Here is a listing. Write it all out again exactly, but not its pictures.

## DATA SEGMENT
--- START ---

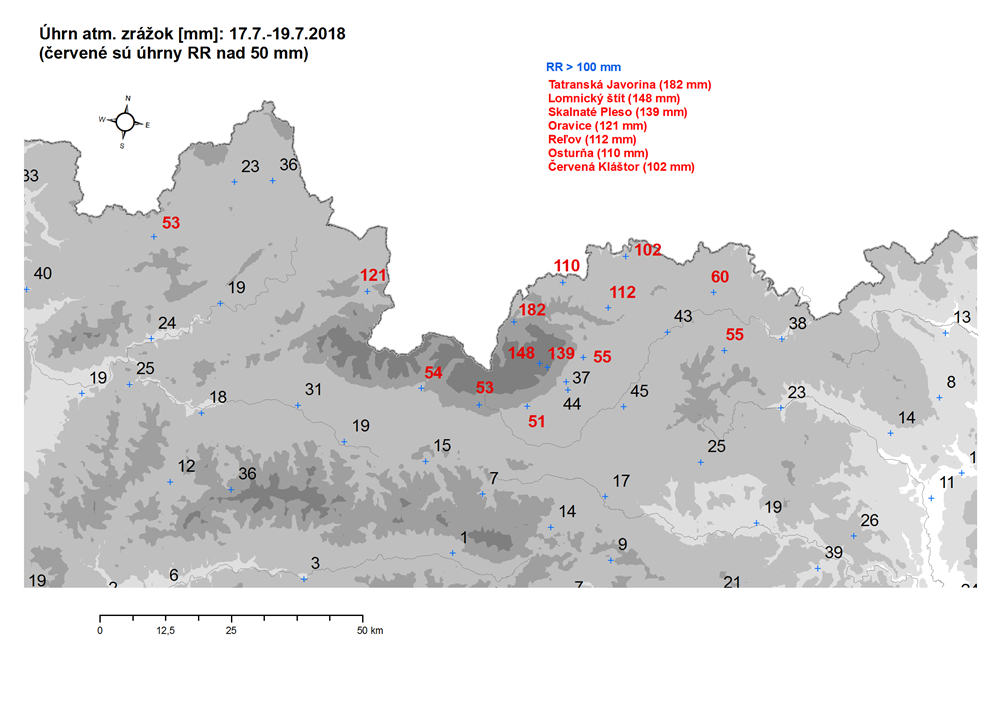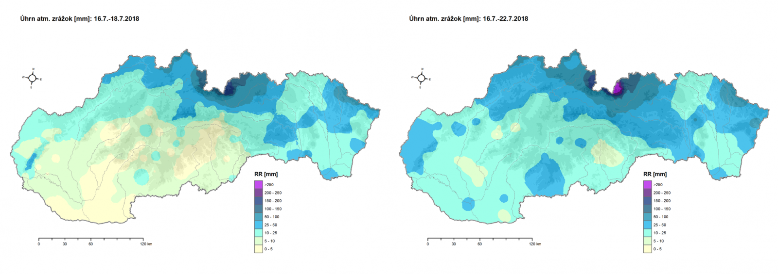 Aj v priebehu tohto roka (2018) sme na Slovensku zaznamenali minimálne dve situácie, kedy sme v sieti meteorologických staníc SHMÚ zaznamenali vysoké 2-denné sumy atmoférických zrážok, a to v druhej polovici júla (17.-18.7.2018; Obr. 3), kedy napríklad v Tatranskej Javorine spadlo za 48 hodín 167,0 mm a Podspádoch 164,4 mm zrážok; a na začiatku septembra (1.-2.9.2018; podrobná analýza je k dispozícii na stránke SHMÚ).
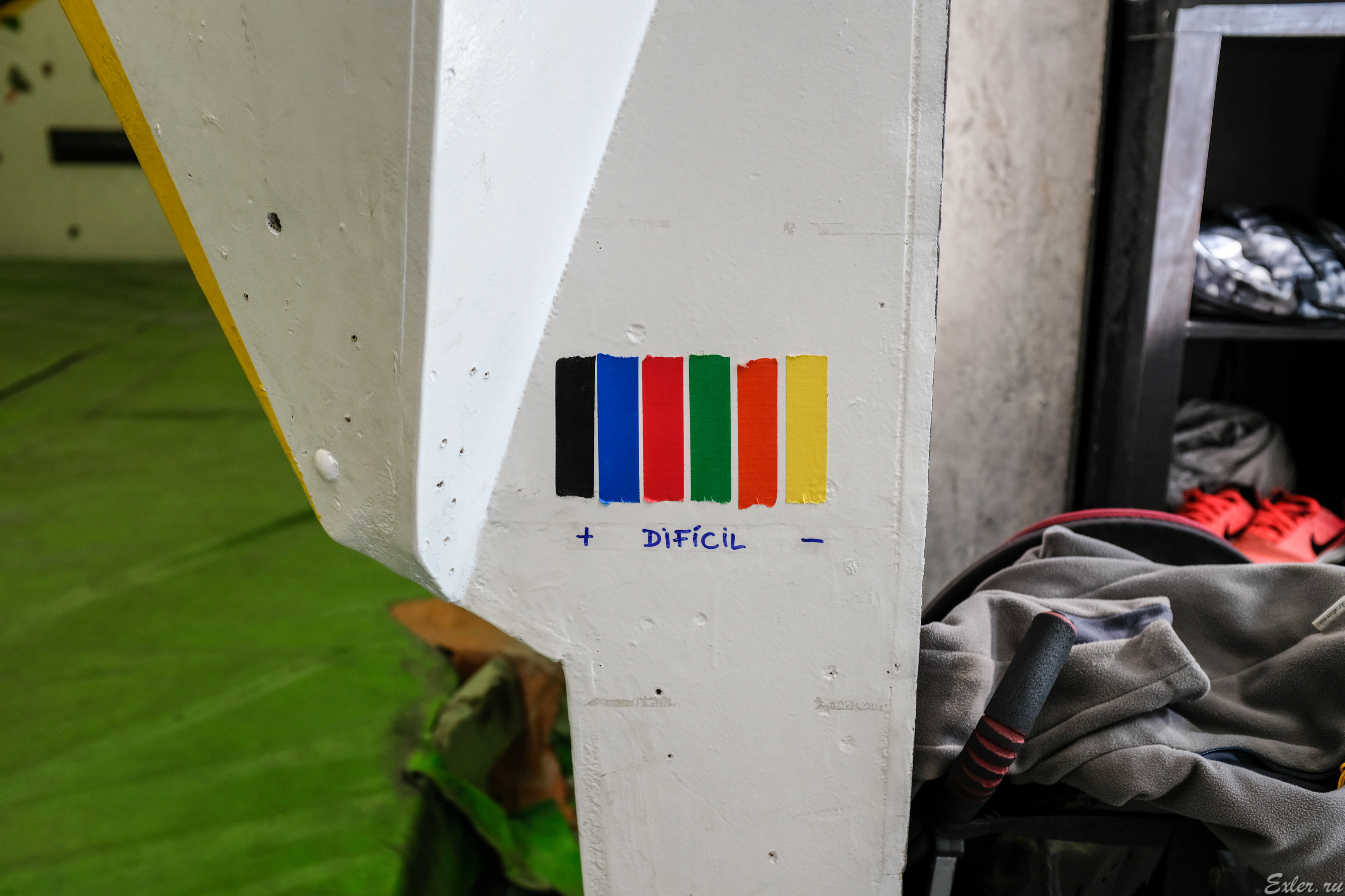 В правой части снимка зелёная трасса с жёлтыми метками на старте, достаточно лёгкая. Без нависания и по ручкам. 😄
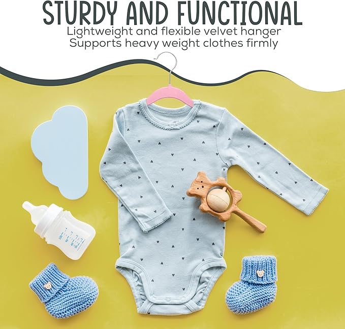 - VERSATILE VELVET HANGERS : Organize with ease using 25 velvet baby hangers. Ideal for baby clothing, jackets, pants, shirts, dresses, underwear, camisoles, nightgowns, or pet clothing, making it a versatile closet essential.

--- END ---

## WORKED SOLUTION
 Aj v priebehu tohto roka (2018) sme na Slovensku zaznamenali minimálne dve situácie, kedy sme v sieti meteorologických staníc SHMÚ zaznamenali vysoké 2-denné sumy atmoférických zrážok, a to v druhej polovici júla (17.-18.7.2018; Obr. 3), kedy napríklad v Tatranskej Javorine spadlo za 48 hodín 167,0 mm a Podspádoch 164,4 mm zrážok; a na začiatku septembra (1.-2.9.2018; podrobná analýza je k dispozícii na stránke SHMÚ).
 В правой части снимка зелёная трасса с жёлтыми метками на старте, достаточно лёгкая. Без нависания и по ручкам. 😄
 - VERSATILE VELVET HANGERS : Organize with ease using 25 velvet baby hangers. Ideal for baby clothing, jackets, pants, shirts, dresses, underwear, camisoles, nightgowns, or pet clothing, making it a versatile closet essential.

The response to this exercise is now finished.